Tracking tuberculosis outbreaks
The Minnesota Public Health Laboratory and the Infectious Disease Epidemiology, Prevention and Control Division work together to track outbreaks of tuberculosis in Minnesota. Because Mycobacterium tuberculosis may remain in people’s bodies for years before progressing to active tuberculosis, outbreaks can last longer than a year. At this writing, the most recent complete data is from 2024. Minnesota saw 194 newly reported cases of tuberculosis in 2024, up from 160 in 2023. This also represented an increase, from 132 cases in 2022. During the first year of the COVID-19 pandemic, 2020, there were 117 newly reported cases.
The increase in tuberculosis case numbers over the past few years has been seen nationwide. Part of the reason is likely underreporting during the pandemic. Cases of COVID-19 were prioritized, and people with other diseases were less likely to seek treatment. Also, there may have been less transmission of tuberculosis because most people were wearing masks and avoiding close contact with others where possible.
Most cases of tuberculosis are identified only after people seek medical care for symptoms. However, a number of cases come to light because of the contact tracing done by local or tribal health departments in consultation with the Minnesota Department of Health. The health departments collaborate to identify people most at risk for active tuberculosis exposure and coordinate their evaluations.
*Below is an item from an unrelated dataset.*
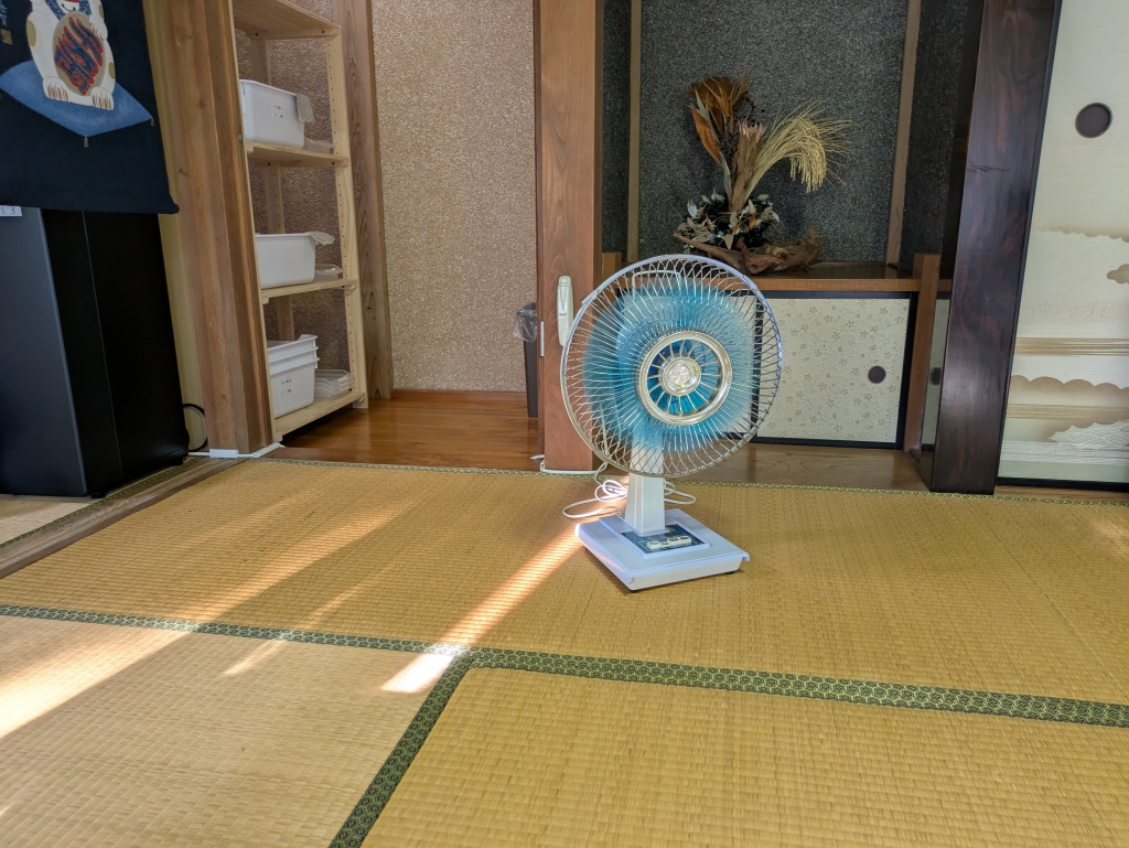 「おばあちゃんちに来たみたい!」と写真をたくさん撮られていたレトロな扇風機。

In 2024, 3% of those diagnosed with tuberculosis in Minnesota were identified through this contact tracing procedure.
Laboratory diagnosis of disease, contact tracing, tracking outbreaks, and assisting hospitals and clinics with treatment plans are all examples of the behind-the-scenes work that governmental public health institutions like the Minnesota Department of Health take on to keep once-dominant diseases like tuberculosis under control. The United States would be a more dangerous place if not for the close collaboration between our public health infrastructure and medical facilities.